OWCモノローグ)悪夢 by 笠羽流雨

狭いトンネルの中を死に物狂いで這い進んでいた。
目的は分からない。けど、きっと何かから逃げていたのだと思う。
私を追う恐ろしく大きなやつがいて、それはあまりに大きくて、大きすぎて、見ることができない。でも、それが発する音を聞くことはできる。それはとてもゆっくり、ゆっくり、けれど止まることなく私を追いかけてくる。キリキリキリと、世界が軋むような、言葉にしがたい不快な音をたてながら。
 私はひたすらトンネルを進んだ。手も足も血だらけだった。関節という関節がとっくに限界を超えていた。私の体は体というよりは、肉体。いや、肉の塊。死んだ肉の塊。指先の感覚はもうずっと前に失われていた。
トンネルの中は真っ暗闇で、前も後ろも分からない。でも、止まることはできなかった。止まったら……どうなる? 止まったら……の先のことを想像もしたくない。考えたくない。進め、進め、進め、その先に何があろうとも。
暗闇の中にいると、このまま世界の果てまで進める気がした。進め、進む以外に私には選択肢はない。選択肢がない限り、その先に何があろうとこれは間違いじゃない。

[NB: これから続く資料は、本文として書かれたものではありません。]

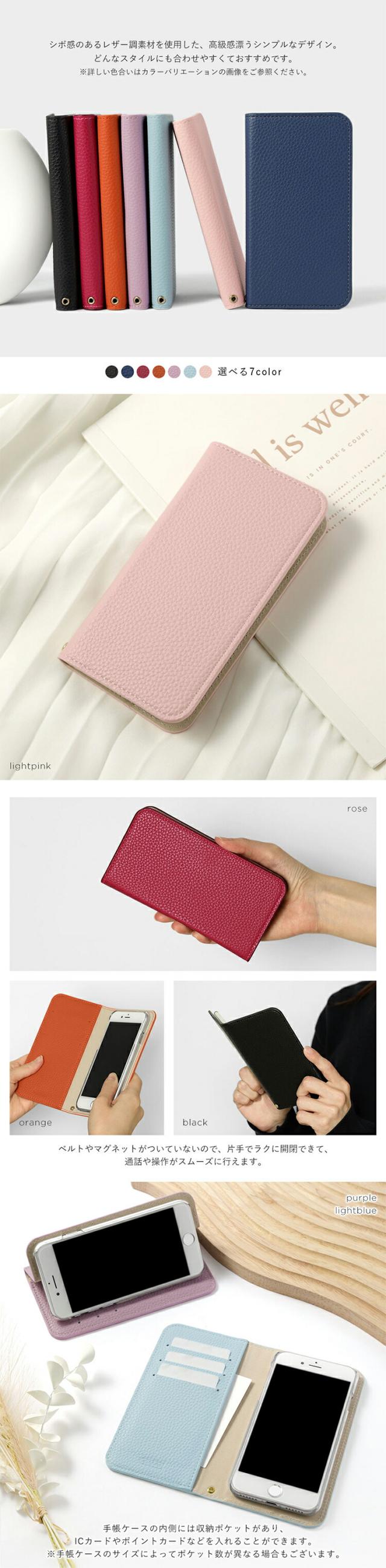 ※カメラ穴は通常の撮影時は問題なく使用できますが、広角レンズやフラッシュを使用した場合ケースのお色が写り込む場合がございます。※手帳の色・仕様が変更になる場合があります。

少なくとも私のせいじゃない。
……あれ? 意識の断絶。瞬間、闇が途切れた。投げ出された私の肉体は薄暗いトンネルの分岐点にいた。その狭い空間の四方には私が進んできた穴と抽象的なレベルで同じようにみえる穴が四つあった。このうちどれかを選ばなければならない。けれど……。

【問題】
次の選択肢AからAの中で最も適切なものを一つ選びなさい。
A トンネル
A トンネル
A トンネル
A トンネル

私は巨大な無力感によって打ちのめされるのを感じた。私にはこの穴のどれかを選ぶことができない。そう直感した。この問題は私には解けない。私にはその力がない。考えるうち、自分がどの穴からこの部屋に来たのかさえ分からなくなった。恐怖が、私をとらえていた。ここにも追手が来る。

【問題】
生きるべきか、死ぬべきか。
A 生きるべき
A 死ぬべき
A どちらでもない
A どちらでもある

ある選択を他の選択を排して掴み取るための合理性がない。これは必然じゃない。この問題には答えがあるはずなのに私にはそれを解く力がない。解く力がないが解く以外に道がない。道を選ばないという道はないのに、道を選べない上に道は目の前にいくつもある。
 その思考の鎖が私自身を雁字搦めにしてゆく。鎖は繭糸のようにベタベタ纏いついて、いやらしい。ああ、息もできないない。苦しい。
 窒息する間際になって、私は偶然のうちに四つある穴のうち一つのほうへよろめいた。回転する駒が倒れる瞬間。自発的対称性の破れ。隠れていた微かな必然性。その必然性に私は私のすべてを託す。一筋の光へむけて私は飛び込む。もう、なにも考える必要はない。考えるのは疲れる。私は再び死に物狂いでトンネルを這い進み始めた。この先に何があるのか分からない。しかし、あの場所より悪い所へは出ないはずだ。それ以上苦しみに満ちた場所なんて、想像もできない。私は自分を鼓舞してはい進んだ。何かをしているときは何もしていないときよりはずっと安心できた。
 断絶。私はふと、トンネルを抜けた。そこは、四方に四つの穴がある空間で、私が通ったあの場所と抽象的なレベルでそっくりだった。
うああああああああ!!
私は涙を流し絶叫した。全身を波打たせ、激しく怒り、頭を掻きむしって嗚咽した。……しかし、私は発狂しなかった。私はこういう時に自分が発狂していいのかさえ判断できなかった。世界に存在するすべての問題が、私には難しすぎるように思われた。

「試験終了、五分前です」

目が覚める。揺らぐ目の焦点が合って、前方の時計の針が網膜の上で像を結ぶ。